Figure 1. Patient inclusion. A total of 29,364 lung transplant patients were included in this study.
Machine Learning-Based Model Development
We employed six machine learning models to predict 1-year mortality after lung transplantation: Logistic Regression (LR) [12], Support Vector Machine (SVM) [13], Random Forest (RF) [14], Gradient Boosting Machine (GBM) [15], Balanced Random Forest (BRF) [16], and a neural network model, Multilayer Perceptron (MLP) [17]. To evaluate model performance, we conducted five-fold cross-validation. The entire dataset was divided into five subsets, and during each iteration, one subset was used for validation while the remaining four were used for training. This process was repeated until each subset had been used for validation once, and the final results were reported as the average performance across all five iterations (Supplementary Figure S2). To interpret the predictions of our models, we employed SHAP [18], a widely used method for estimating the contribution of each feature to a prediction. SHAP provides explanations based on Shapley values derived from game theory. Specifically, we utilized the Python SHAP package [18] and applied the TreeExplainer for GBM. We used the scikit-learn package [19] for most models, except for BRF, which was implemented using the imbalanced-learn package [20]. Default model settings were applied without additional hyperparameter tuning.

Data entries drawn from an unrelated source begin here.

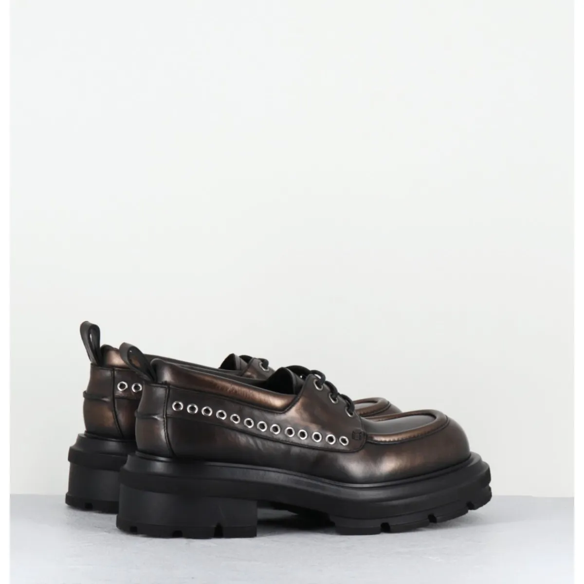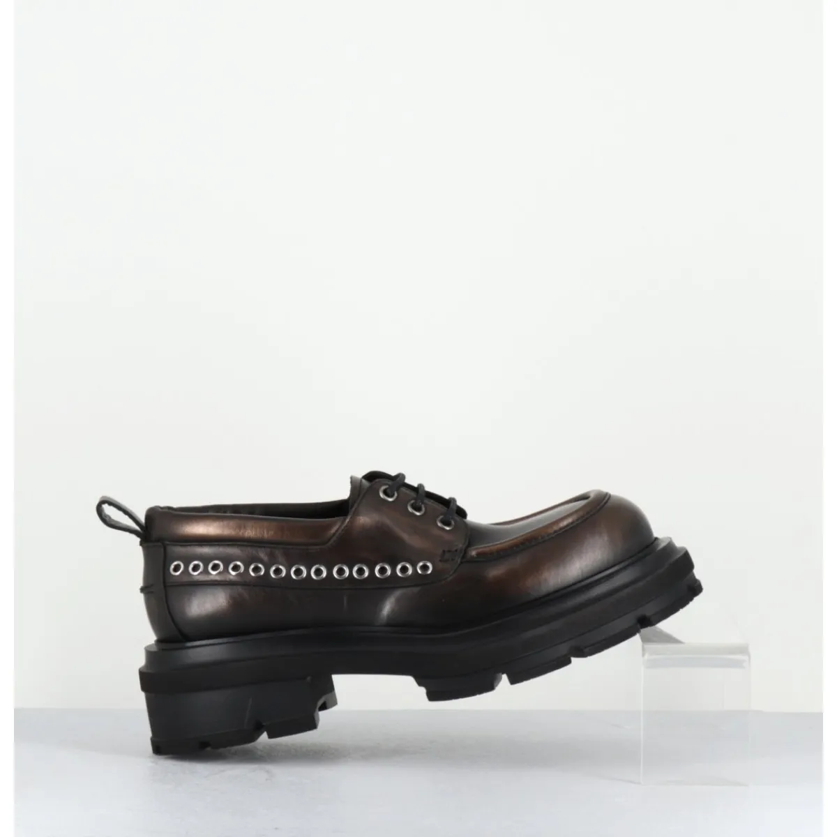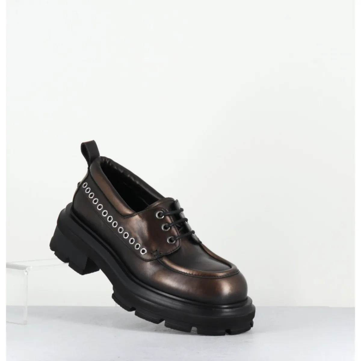 Derbies à lacets en cuir effet vieilli marron métallisé bronze , bout arrondi & design esprit années 90, rivets argentées, montées sur une semelle épaisse en gomme légère
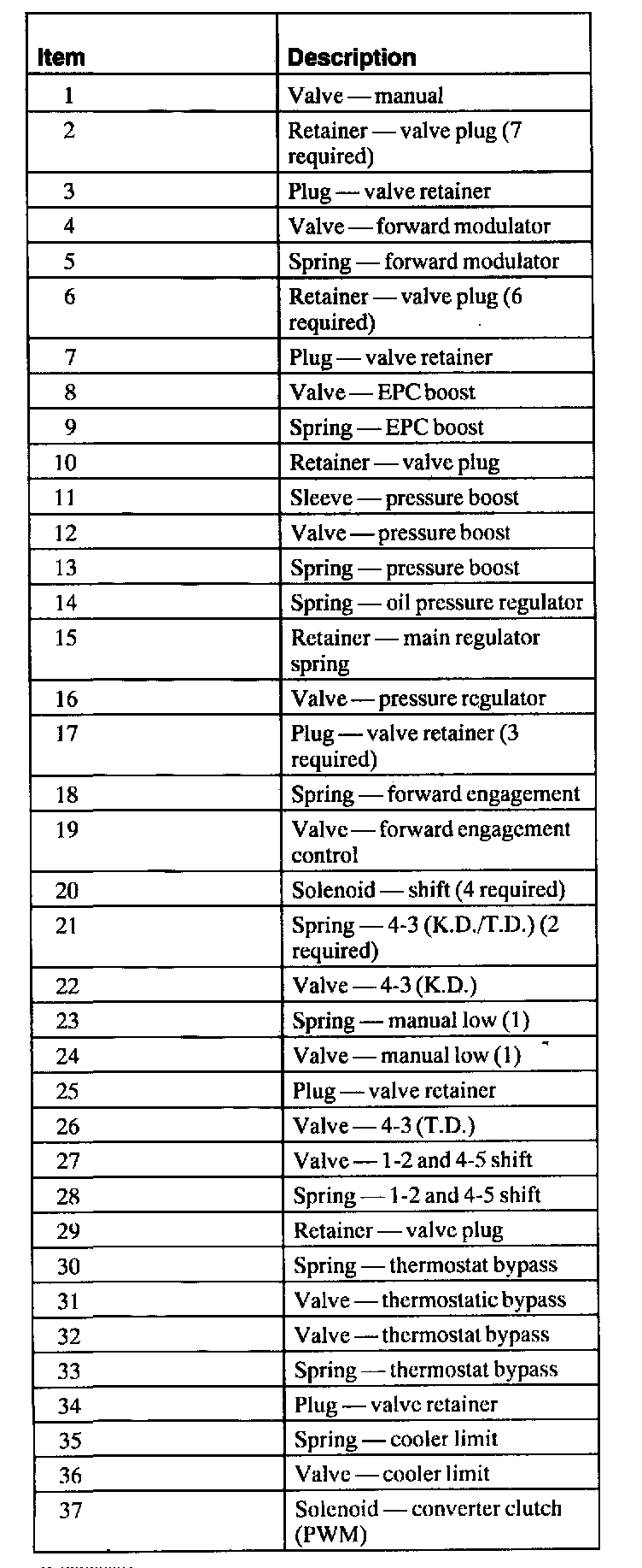8. CAUTION: The springs and valves are not interchangeable. Damage to transmission may occur.
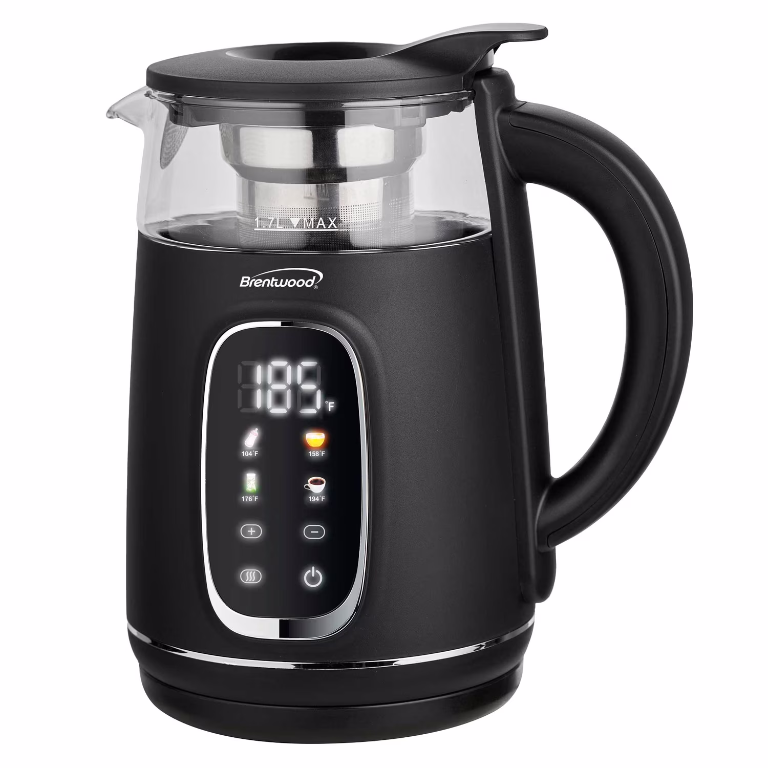 Brentwood 1,100-Watt 1.7-L Cordless Digital Glass Electric Kettle with Tea Infuser (Black), KT-2018DBK
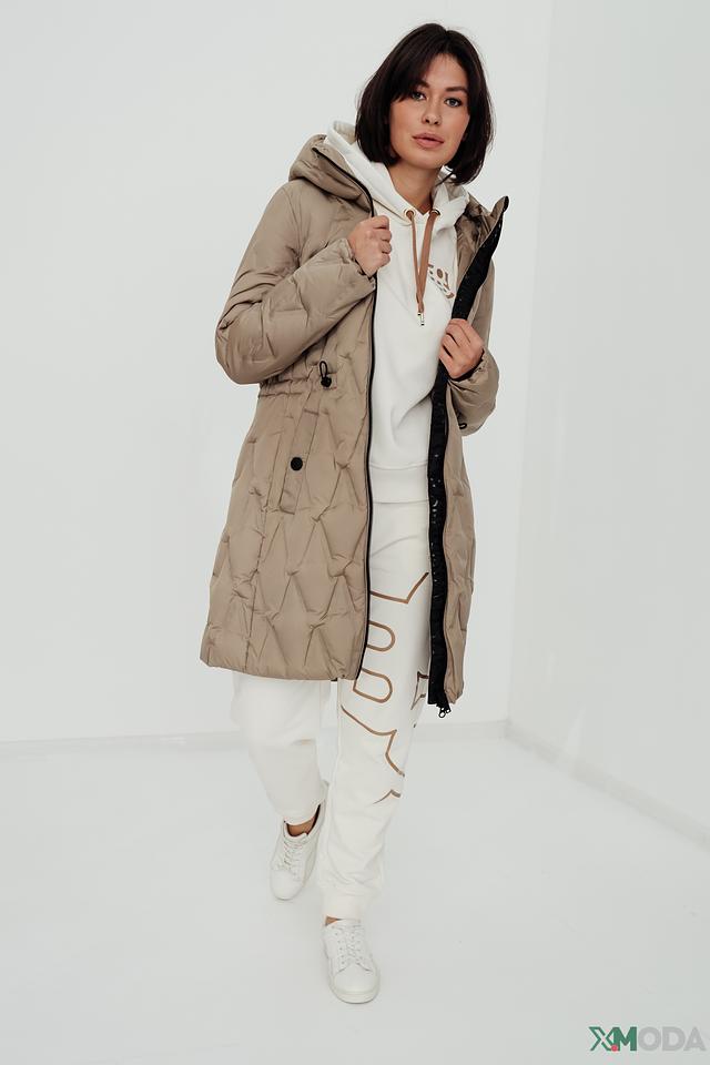 Модель имеет стеганую фактуру, которая придает ей особый шарм и обеспечивает дополнительную теплоизоляцию. Пальто оснащено удобным капюшоном, который защитит от непогоды, а застежка-молния позволяет легко регулировать степень тепла.
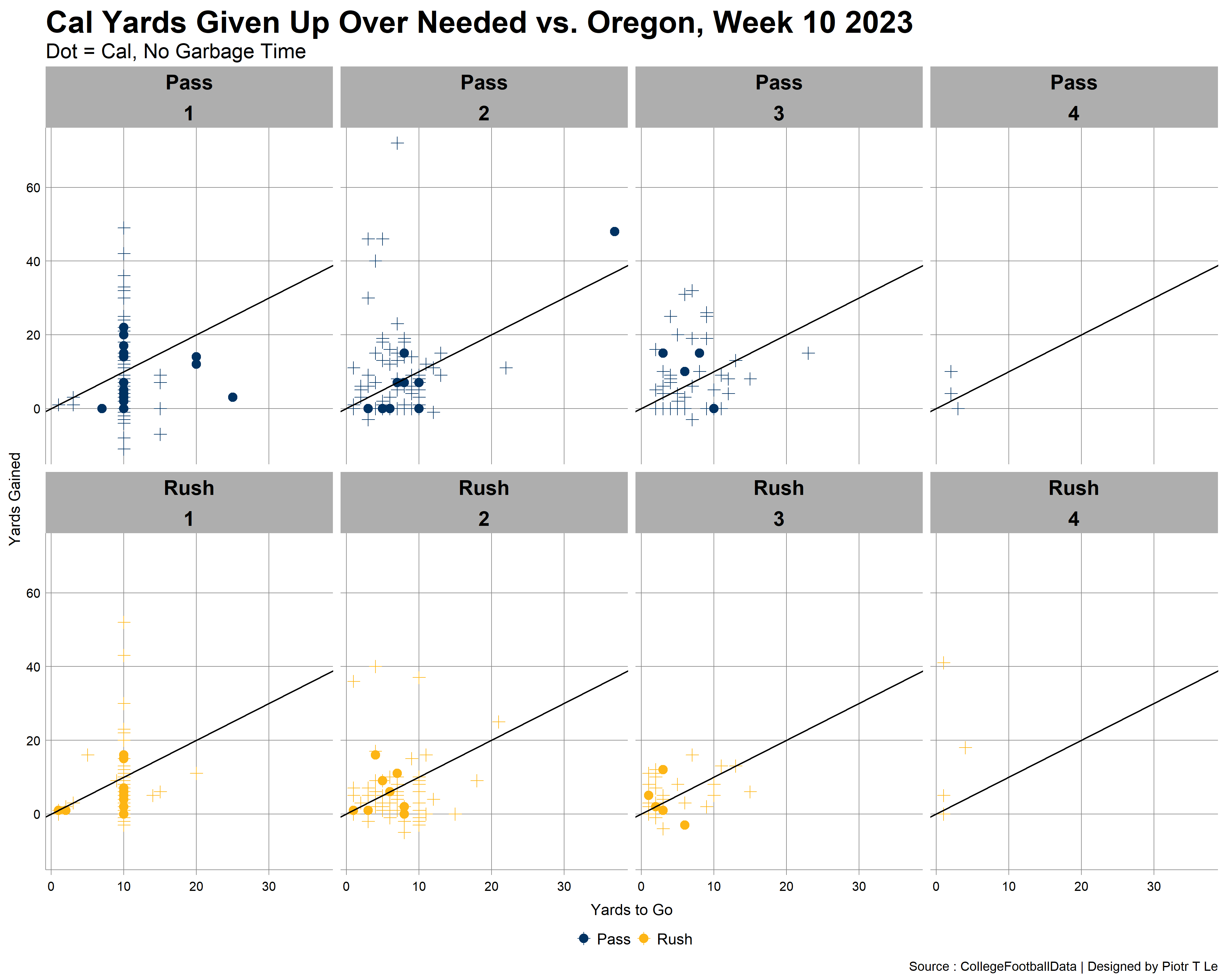 Cal had their moments on first down but Oregon did what we couldn’t against them: make stops on 3rd downs especially when we elected to pass the ball. On the running side of the ball besides 2 runs by Ott we did not have any runs worth talking about. Oregon’s defense just had us as another set of victims for them on their quest to the CFP.
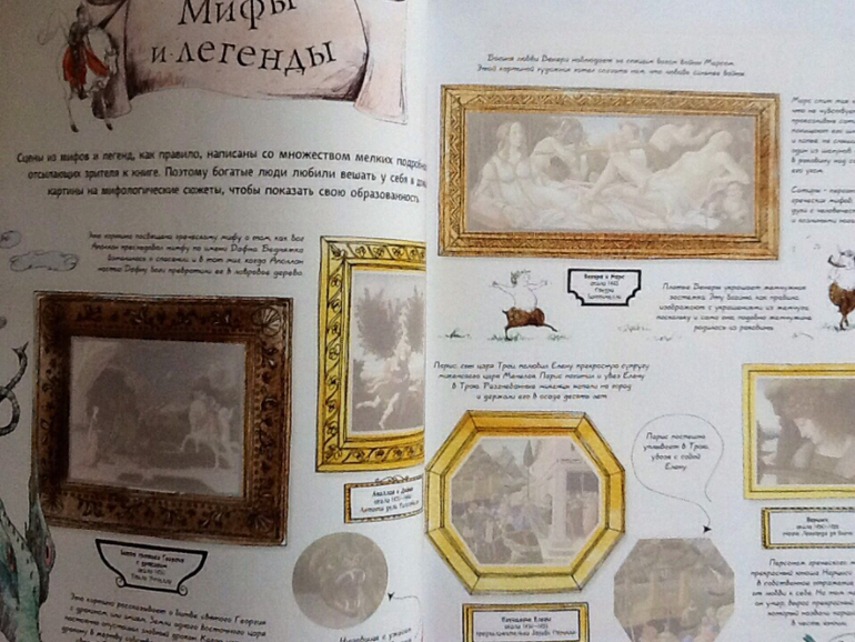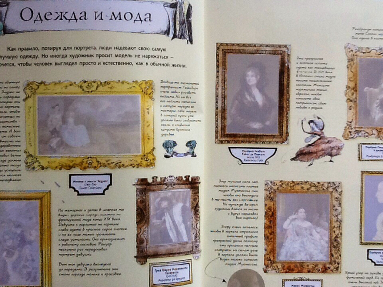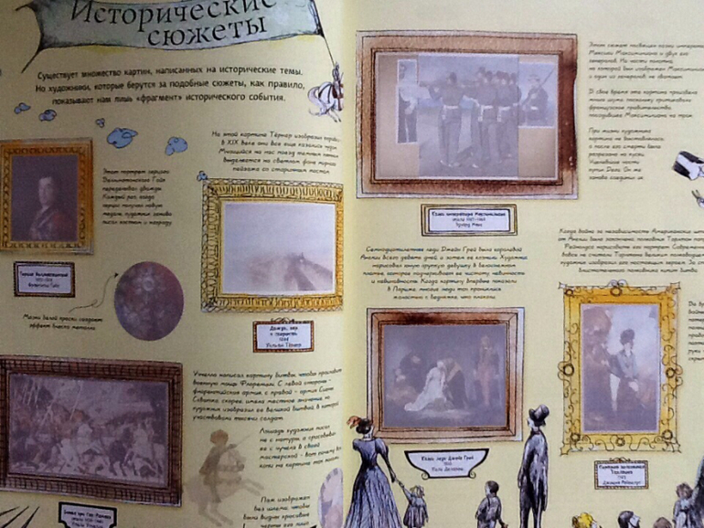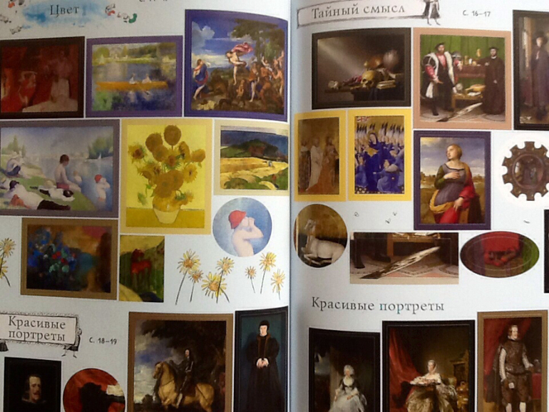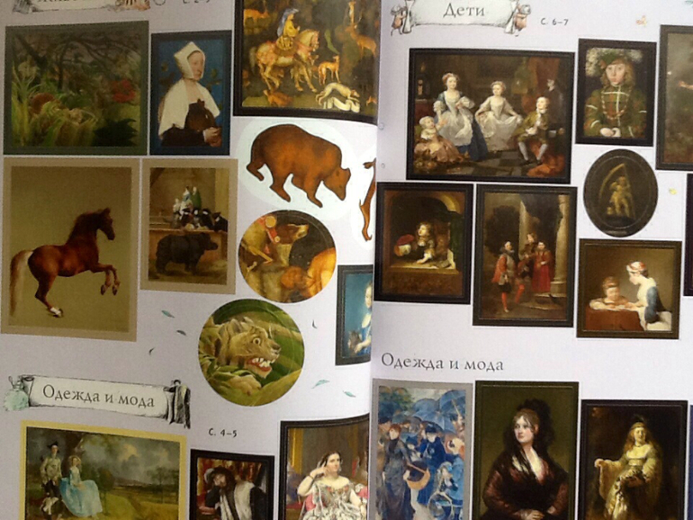 В альбоме представлены одни из лучших работ великих художников, таких как Леонардо да Винчи, Сандро Боттичелли, Клод Моне, Эдгар Дега, Эдуард Мане, Рафаэль, Тициан, Винсент Ван Гог и многих других. Альбом разбит на 15 разделов, один разворот - отдельная тема: животные, одежда и мода, дети, природа, жизнь города, свет, цвет, тайный смысл, красивые портреты, гротеск, автопортреты, развлечения, исторические сюжеты, мифы и легенды, ангелы и святые.
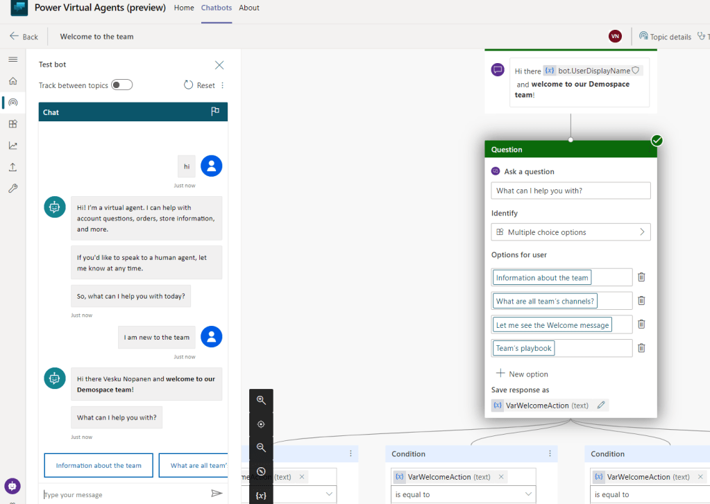 As can be seen the user is already authenticated! Greeting user with the personalized message is as easy as choosing the bot.UserDisplayName from the variables list! After that let’s go on and ask a question:
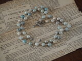 明るいブルーのイメージが強いアマゾナイトですが、今回見つけたのは少しくすんだマルチカラーのアマゾナイトで、シルバー系のコーティングを施してあるため、うっすらと銀を纏ったように見えます。全体的に見ると上品なブルーグレーのようで、とても美しい。マダムたちにピッタリです。あまりにも気に入ってしまったので、8mm玉と10mm玉を手に入れ、デザインを少しだけ変えて2本作りました。どちらにも一粒だけとびきり美しい水晶をアクセントに加えています。
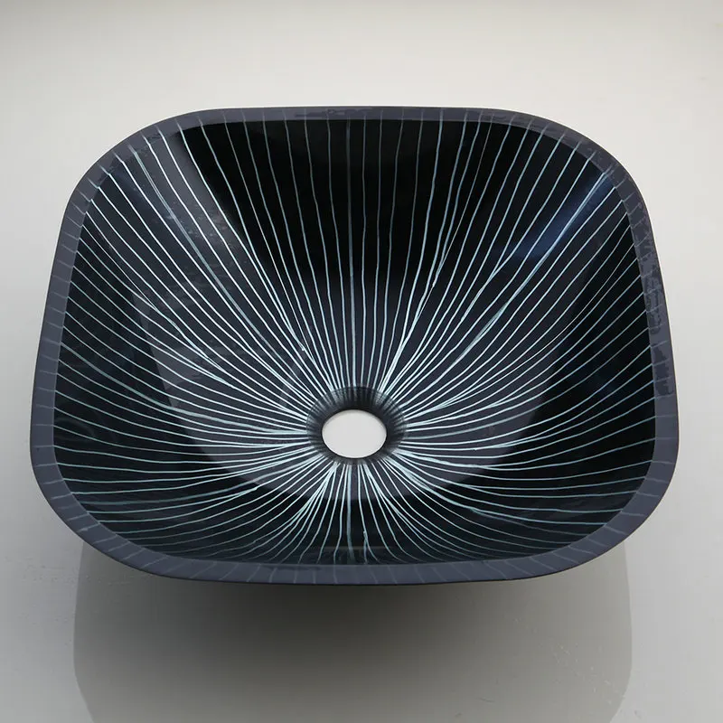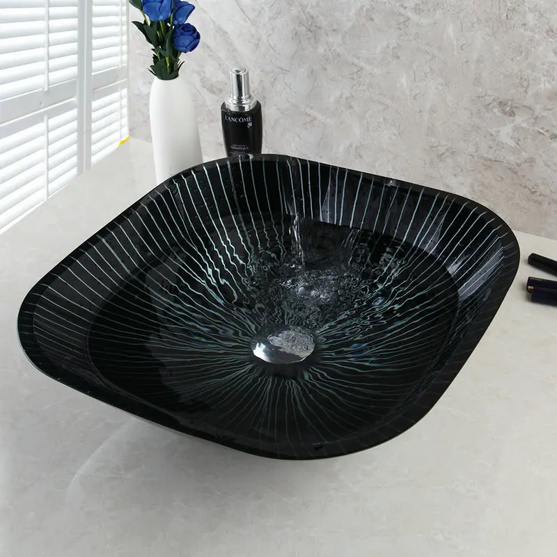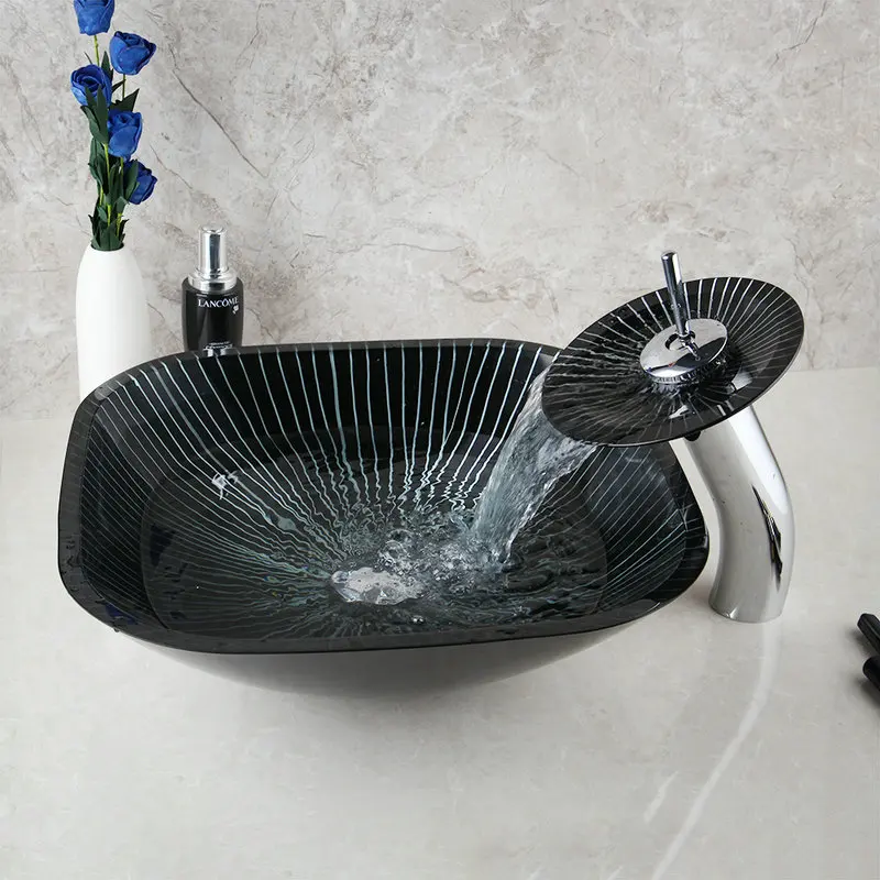 Monite квадратная черная раковина для ванной комнаты, умывальник, набор для ванны, смеситель для раковины, художественный дизайн, закаленное стекло, ручная роспись, водопад, тазик
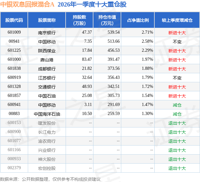 从基金规模来看,中银双息回报混合A基金2026年一季度公布的基金规模为1.99亿元,较上一期规模1.79亿元变化了1931.93万元,环比变化了10.77%。该基金最新一期资产配置为:股票占净值比74.26%,债券占净值比22.87%,现金占净值比2.93%。从基金持仓来看,该基金当季前十大股票仓位达19.25%,第一大重仓股为南京银行(601009),持仓占比为2.71%。
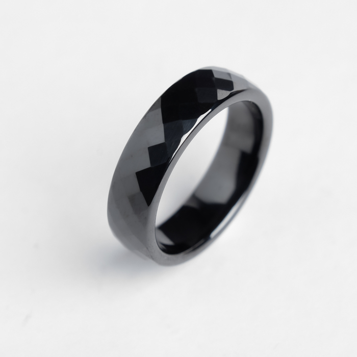 Кольцо керамика «Минимал» огранка ромб, 6 мм, чёрное, 19 размер
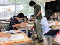 本日の5年生の算数では、学びのたしかめとして、1学期の復習問題に取り組んでいます。体育では、泳力調査をとおして、泳ぎのたしかめをしています。
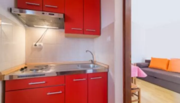 - štúdio 1/2(+2) - 1.poschodie: miestnosť s manželskou posteľou a rozkladacou pohovkou pre dve osoby (odporúčame pre deti), oddelená miestnosť s kuchynským kútom a chladničkou
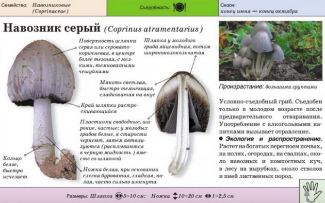 Серый навозник относится к роду Навозник семейства Навозниковые. Представителей этого вида часто называют чернильными грибами, или чернильными навозниками. Определение «чернильный» возникло неслучайно – у спелого навозника шляпка преобразуется в чернильную массу, распространяя таким образом споры.
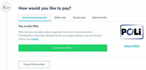 bu ekran goruntusunu baska bir zamanda aldigim icin tarih ve fiyat farkli - Bu adımda para transferi işlemini nasıl yapmak istediğiniz soruluyor. Burada kredi kartı, debit kart, banka transferi gibi seçeneklerin yanında ülkeden ülkeye değişebilecek ekstra transfer seçenekleri de olabiliyor. Ben Yeni Zelanda ve Avustralya’da kullanılan ve güvenilir bir ödeme sistemi olan POLI yi seçip bilgilerimi girmiştim. Siz Bank Transfer kısmını seçip banka hesap bilgilerinizi yazarak da transfer işleminizi yapabilirsiniz.

However, due to class imbalance in the ISHLT dataset, class weight adjustments were applied for LR, RF, SVM, and BRF to account for the imbalance. Additionally, survival analysis based on model predictions was performed using the lifelines Python package [21]. Finally, external validation of the developed models was conducted using our hospital’s in-house dataset, further assessing their generalizability and robustness.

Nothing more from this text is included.